### Record set
"""

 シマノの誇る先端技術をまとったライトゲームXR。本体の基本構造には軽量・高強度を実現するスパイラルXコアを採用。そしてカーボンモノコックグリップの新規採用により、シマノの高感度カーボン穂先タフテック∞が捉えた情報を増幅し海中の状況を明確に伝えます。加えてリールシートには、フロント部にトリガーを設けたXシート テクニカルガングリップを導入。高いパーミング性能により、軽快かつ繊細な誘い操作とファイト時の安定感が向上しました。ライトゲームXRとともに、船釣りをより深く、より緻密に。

"""
"""

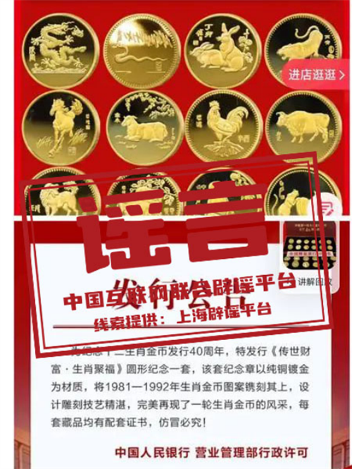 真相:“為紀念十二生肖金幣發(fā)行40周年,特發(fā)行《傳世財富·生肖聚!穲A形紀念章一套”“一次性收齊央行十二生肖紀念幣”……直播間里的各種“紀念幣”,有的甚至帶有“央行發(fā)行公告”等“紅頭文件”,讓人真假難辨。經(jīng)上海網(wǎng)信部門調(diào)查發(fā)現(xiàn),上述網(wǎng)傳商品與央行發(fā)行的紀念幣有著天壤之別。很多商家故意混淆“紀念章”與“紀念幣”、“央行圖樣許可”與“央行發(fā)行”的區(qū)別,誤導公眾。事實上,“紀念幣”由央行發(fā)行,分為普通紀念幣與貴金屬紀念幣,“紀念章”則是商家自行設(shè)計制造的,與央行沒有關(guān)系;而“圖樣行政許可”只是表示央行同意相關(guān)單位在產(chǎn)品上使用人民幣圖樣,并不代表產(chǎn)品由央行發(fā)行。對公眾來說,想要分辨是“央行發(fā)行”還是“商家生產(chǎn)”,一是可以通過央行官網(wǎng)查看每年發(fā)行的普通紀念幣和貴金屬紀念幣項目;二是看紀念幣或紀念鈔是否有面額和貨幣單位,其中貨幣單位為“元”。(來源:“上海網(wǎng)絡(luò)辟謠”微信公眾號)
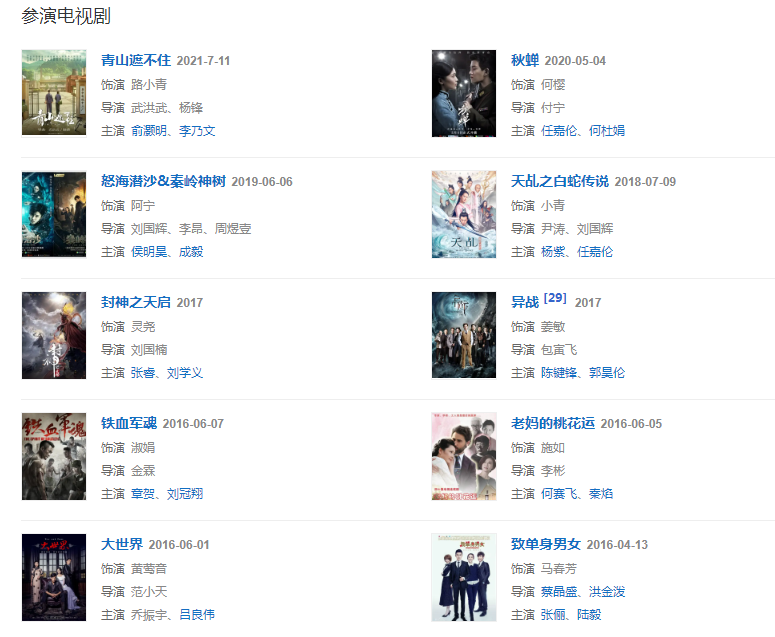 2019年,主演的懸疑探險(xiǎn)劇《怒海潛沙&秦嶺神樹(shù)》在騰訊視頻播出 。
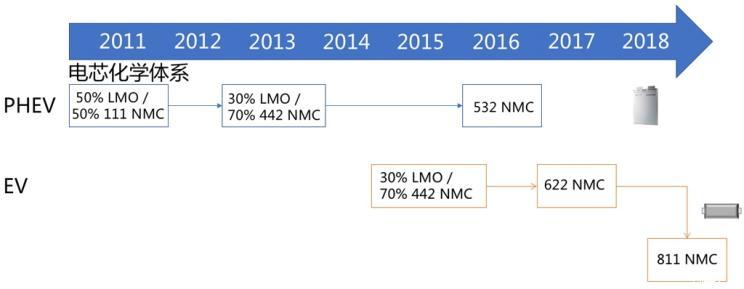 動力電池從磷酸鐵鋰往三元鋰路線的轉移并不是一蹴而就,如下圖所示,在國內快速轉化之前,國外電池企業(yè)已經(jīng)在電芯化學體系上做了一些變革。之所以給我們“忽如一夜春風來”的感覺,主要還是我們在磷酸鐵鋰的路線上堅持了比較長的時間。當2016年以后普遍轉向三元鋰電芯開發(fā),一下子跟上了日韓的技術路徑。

"""
"""

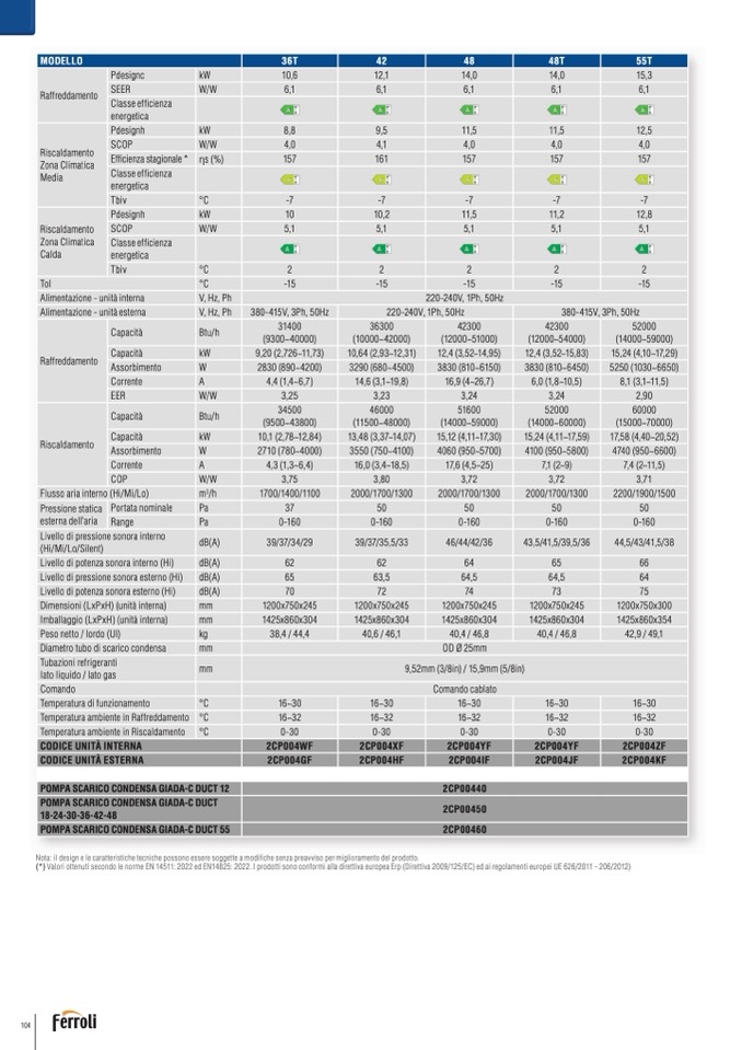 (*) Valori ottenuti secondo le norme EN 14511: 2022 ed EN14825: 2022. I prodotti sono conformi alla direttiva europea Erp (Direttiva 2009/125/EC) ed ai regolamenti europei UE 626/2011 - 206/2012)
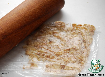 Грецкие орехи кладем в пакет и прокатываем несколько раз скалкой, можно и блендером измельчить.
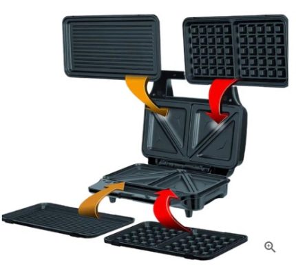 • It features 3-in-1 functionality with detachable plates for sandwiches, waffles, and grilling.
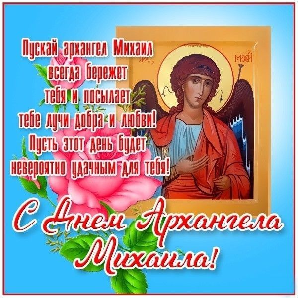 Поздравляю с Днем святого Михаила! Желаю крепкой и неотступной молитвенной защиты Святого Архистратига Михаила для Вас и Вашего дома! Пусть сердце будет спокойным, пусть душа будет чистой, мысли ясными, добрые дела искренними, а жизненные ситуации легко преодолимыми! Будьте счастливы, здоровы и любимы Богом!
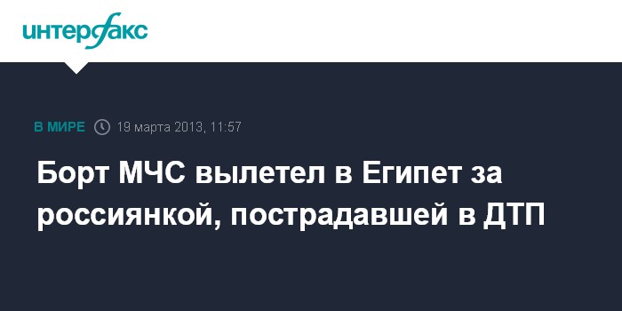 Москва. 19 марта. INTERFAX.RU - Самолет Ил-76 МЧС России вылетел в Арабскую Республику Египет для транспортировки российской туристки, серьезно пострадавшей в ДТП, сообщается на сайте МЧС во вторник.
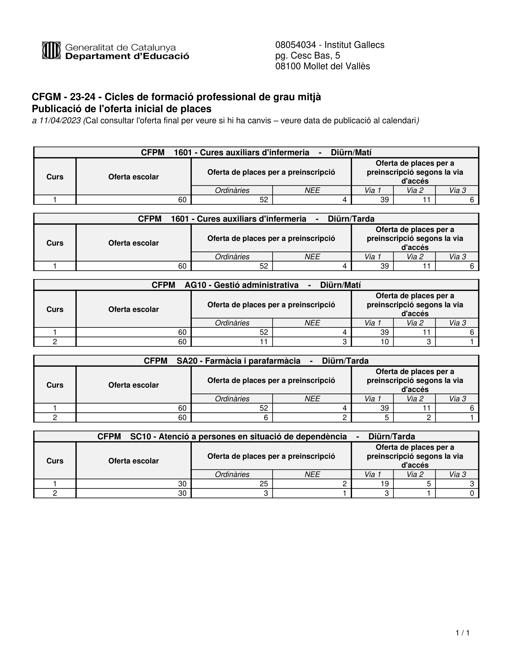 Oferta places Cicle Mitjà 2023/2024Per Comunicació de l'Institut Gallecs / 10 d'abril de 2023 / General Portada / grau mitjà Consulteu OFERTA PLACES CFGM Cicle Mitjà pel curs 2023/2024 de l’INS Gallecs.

"""

### Action item
Exact copy, no pictures. Write out the lines in the entries above, starting with the line with "2019年,主演的懸疑探險(xiǎn)劇" and going on through the line with "動力電池從磷酸鐵鋰往三元鋰路", keeping both.

### Exercise solution
 2019年,主演的懸疑探險(xiǎn)劇《怒海潛沙&秦嶺神樹(shù)》在騰訊視頻播出 。
 動力電池從磷酸鐵鋰往三元鋰路線的轉移并不是一蹴而就,如下圖所示,在國內快速轉化之前,國外電池企業(yè)已經(jīng)在電芯化學體系上做了一些變革。之所以給我們“忽如一夜春風來”的感覺,主要還是我們在磷酸鐵鋰的路線上堅持了比較長的時間。當2016年以后普遍轉向三元鋰電芯開發(fā),一下子跟上了日韓的技術路徑。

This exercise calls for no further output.